Но Рауль уже вышел из спальни. Отсутствовал он недолго, а когда вернулся, с порога сказал:
– Калитка была незапертой. То ли я ее так оставил, когда в последний раз открывал, то ли замок уже такой старый, что не срабатывает. Поменяю его как можно скорей.
– Как все прошло в Мадриде, Рауль?
– Отлично! Завтра расскажу. Ты напиши своим заказчикам, что уходишь в отпуск, – посоветовал муж, подавив зевок. – Менеджер не возражает против того, чтобы ты ехала со мной на гастроли.
– Ой, я думала, ты шутил, когда сказал, что поедем вместе! – обрадовалась я.

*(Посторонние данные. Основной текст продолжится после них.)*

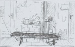 SZKIC DO OBRAZU „PIESEK DRAPIE SIĘ ZA BRAMĄ”
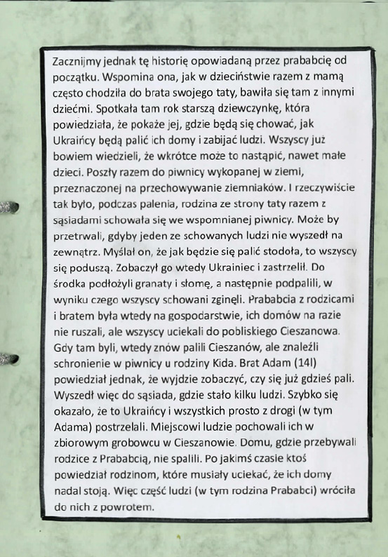 Mateusz Bzorek, Publiczna Katolicka Szkoła Podstawowa im. św. Jana Pawła II w Tarnobrzegu, tytuł pracy: Historia prababci Anny Król, opiekun: p. Agnieszka Kosior

– Я тебе об этом уже давно говорю, а ты все в шутку воспринимаешь, – проворчал он. – И так и не сообщила своим заказчикам, да? Пиши, пока тебя не завалили срочными переводами. Послезавтра – первый концерт в Барселоне, если ты еще не забыла. А потом – Мадрид, Малага, Ла Корунья, Сеговия, Бильбао… После небольшой отдых дома. Но если тебя пугает жизнь в отелях и в дороге, то…
– Не пугает! – быстро перебила я его.
1866 год
Они провели в странствиях почти три месяца, когда Долорес захворала. Не простудой, а заболела каким-то неизвестным недугом, вытягивающим из нее все силы, краски, радость. Из яркой красавицы, полыхающей огнем, она как-то враз превратилась в собственную тень: лицо осунулось, со щек сошел нежный румянец, а из глаз исчез живой блеск. Нет, она не занедужила так тяжко, чтобы не подниматься на ноги, продолжала путь, но Сальвадор видел, что дорога дается Долорес нелегко. Все более короткими становились расстояния между привалами, и все дольше они задерживались в том или ином поселении. Они продолжали зарабатывать игрой и танцем, но движения байлаоре давались уже не с прежней легкостью. Если раньше танец был ее жизнью, то теперь отрабатывала Долорес программу без души, словно механическая кукла. И Сальвадор, глядя на когда-то покорившие его руки, незаметно морщился, улавливая в их поворотах тяжесть и фальшь. Долорес сбивалась в движениях, он спотыкался в игре. Не было в ее танце больше той искры, от которой когда-то в одно мгновение в его сердце заполыхал огонь. Ушла и из его музыки душа. Что случилось с Чиспой? Беспокойство смешивалось с раздражением, и эта смесь таких противоположных чувств вызывала у него еще большее недовольство: ему не хотелось сердиться на Долорес, но тем не менее нет-нет да мелькала кощунственная мысль, что становится она обузой. Конечно, потом он чувствовал вину и заглаживал ее, не столько перед девушкой, сколько перед собой, ласками и заботой. Долорес видела его настроения, бодрилась, но эта старательность чувствовалась во всем: в выверенных и от этого неестественных движениях, в вымученной улыбке, в грустном взгляде. Ее мать умерла от болезни, которая долго вытягивала из нее жизнь – по каплям, мучительно и бесконечно. Это случилось, когда Долорес было четыре года, но девушка четко помнила те дни, когда мать, обессиленная, лежала на жесткой лавке и натужно хрипела. И теперь каждое ее движение носило след обреченности и страха смерти. Она стыдилась своих мучительных приступов дурноты, скрывала их поначалу от Сальвадора, но затем сдалась, позволила ему бывать с ней в эти моменты. Он обтирал ее взмокшее лицо смоченной в холодной воде ладонью, прижимал к себе и баюкал, как ребенка. Долорес, успокоенная, затихала в его руках, но теперь уже страх удушающей волной накатывал на него, Сальвадора: а что, если его Чиспа и правда угаснет, как и ее мать? К доктору бы ее.